Submitted to: Comparative Biochemistry and Physiology
Publication Type: Peer Reviewed Journal
Publication Acceptance Date: 11/12/2002
Publication Date: 11/27/2002
Citation: Ramsay, T.G., Rosebrough, R.W. 2003. Hormonal regulation of postnatal chicken preadipocyte differentiation in vitro. Comparative Biochemistry and Physiology Part B. 136:245-253. Interpretive Summary: A cell culture system was developed for chicken adipose tissue that permits analysis of the hormonal regulation of the cells over extended time periods. Cells are isolated from the abdominal fat pad of broilers and put into tissue culture. Through the use of low serum conditions and the hormones, insulin and dexamethasone, one can now produce fat cells in culture that mimic the development of cells grown in a much richer environment. Simplification of the environment of the cells permits careful examination of key events in the development of the cell. Thus, key regulatory steps for fat accumulation may be identified. This culture experiment demonstrated that the hormones IGF-I and Triiodothyronine may not function in chicken fat cell formation, while insulin and glucocorticoids are very important.

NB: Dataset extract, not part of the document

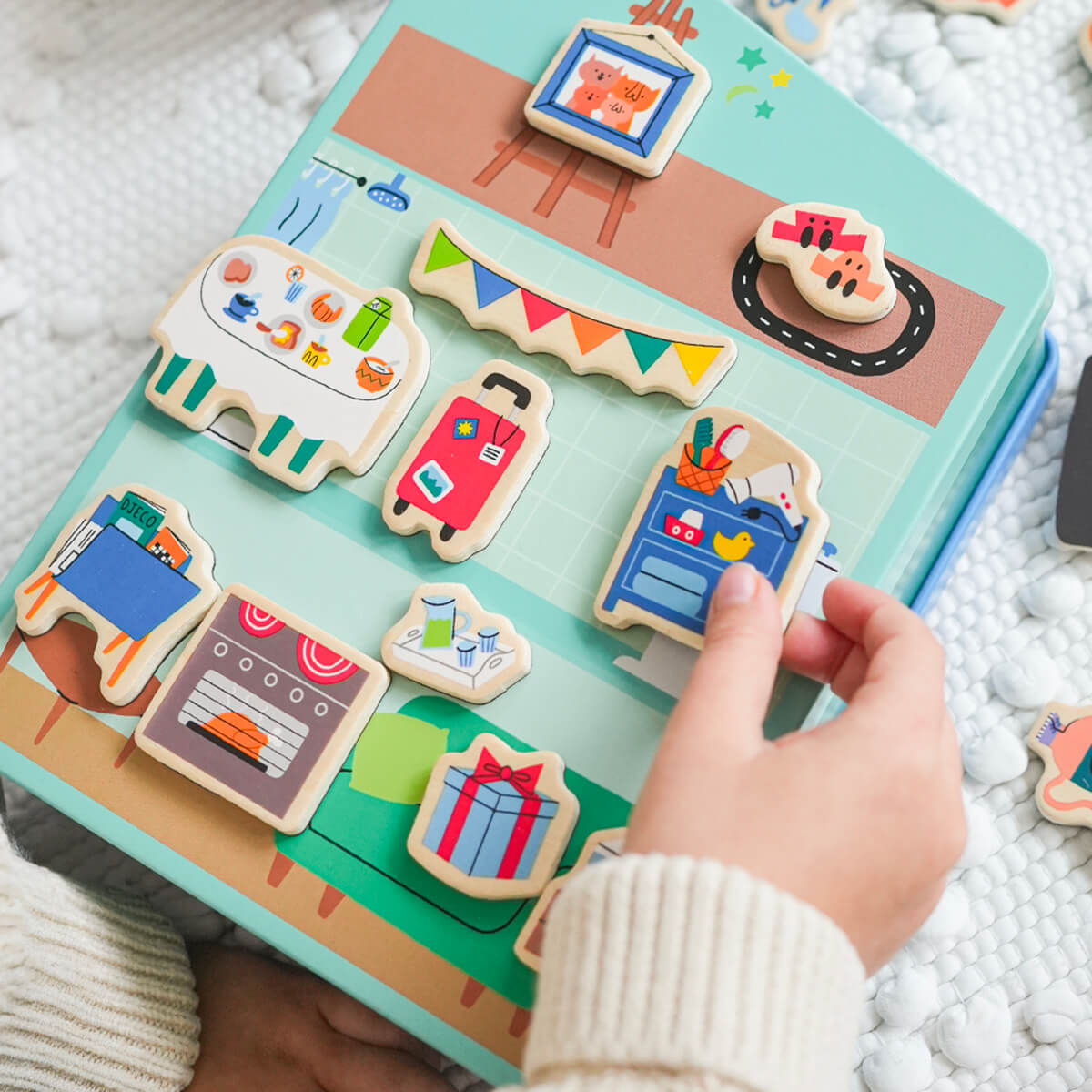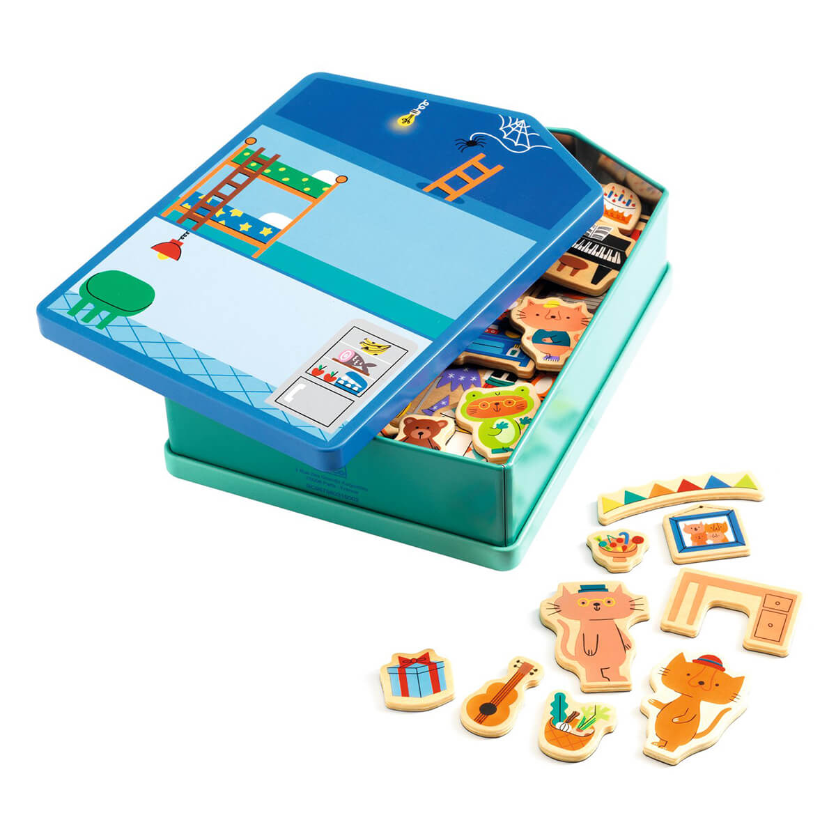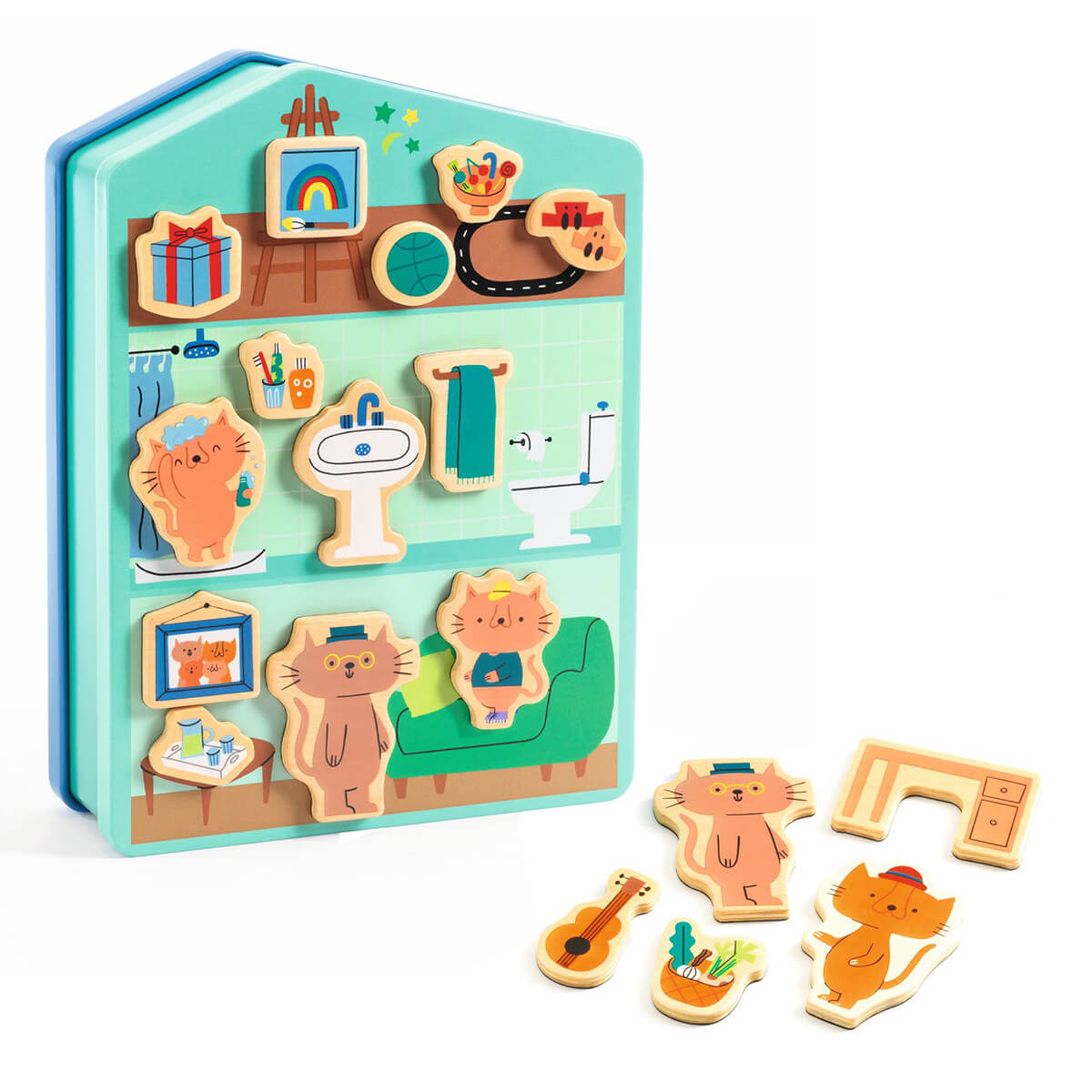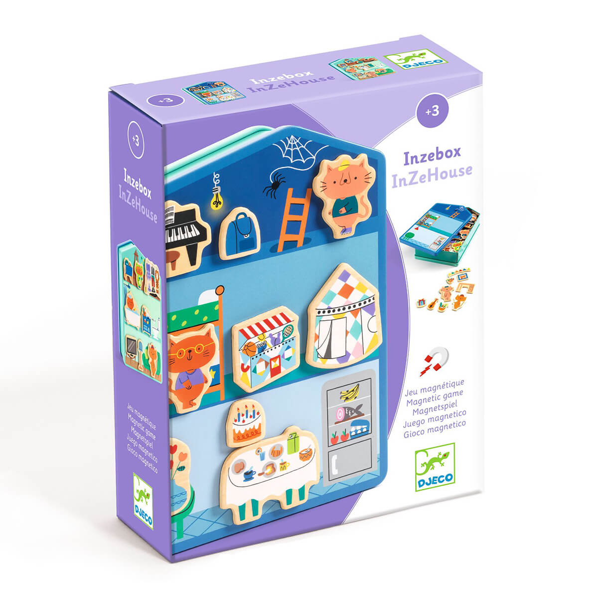 InZeHouse Inzebox Wooden Magnets Create Kit by Djeco. Inzebox, the child plays with wooden magnets on a house-shaped metal box to have fun animating and decorating the 6 rooms (the attic, the bedroom, the kitchen, the living room, the bathroom and the playroom)!

Technical Abstract: The present study was designed to develop a culture system from the stromal vascular cells of chicken adipose tissue that can be used to identify hormones that promote adipocyte formation. Abdominal adipose tissue was excised from 2-4 week old male broilers by sterile dissection. The stromal vascular cell fraction from the adipose tissue was isolated by collagenase digestion, filtration, and subsequent centrifugation. These preadipocytes were seeded in 6 well culture plates and proliferated to confluency in 10% fetal bovine serum in DMEM/F12 (50:50) medium. At confluency, experiments were initiated to determine hormonal requirements for differentiation. IBMX (10 mM) in combination with 1mM dexamethasone could not promote differentiation, as determined by the expression of citrate lyase and sn-glycerol-3-phosphate dehydrogenase relative to lactate dehydrogenase. Insulin (100 nM) stimulated expression of CL and GPDH (P<0.05) in the presence of 2.5% chicken serum, but not with 10% chicken serum. T3 (1 nM) and IGF-I (100 ng/ml) had no effect on differentiation. Dexamethasone (1 mM) stimulated differentiation (P<0.05). The combination of insulin and T3 stimulated differentiation (P<0.05) but the effect was no greater than insulin alone. Insulin, dexamethasone and 2.5% chicken serum synergistically stimulated differentiation and thus can replace 10% chicken serum in culture. Heparin (10 U/ml) in combination with insulin and dexamethasone promoted lipid filling of differentiated cells. Development of a culture system that only requires low serum concentrations for stimulating adipocyte formation may permit identification of important regulatory hormones for differentiation.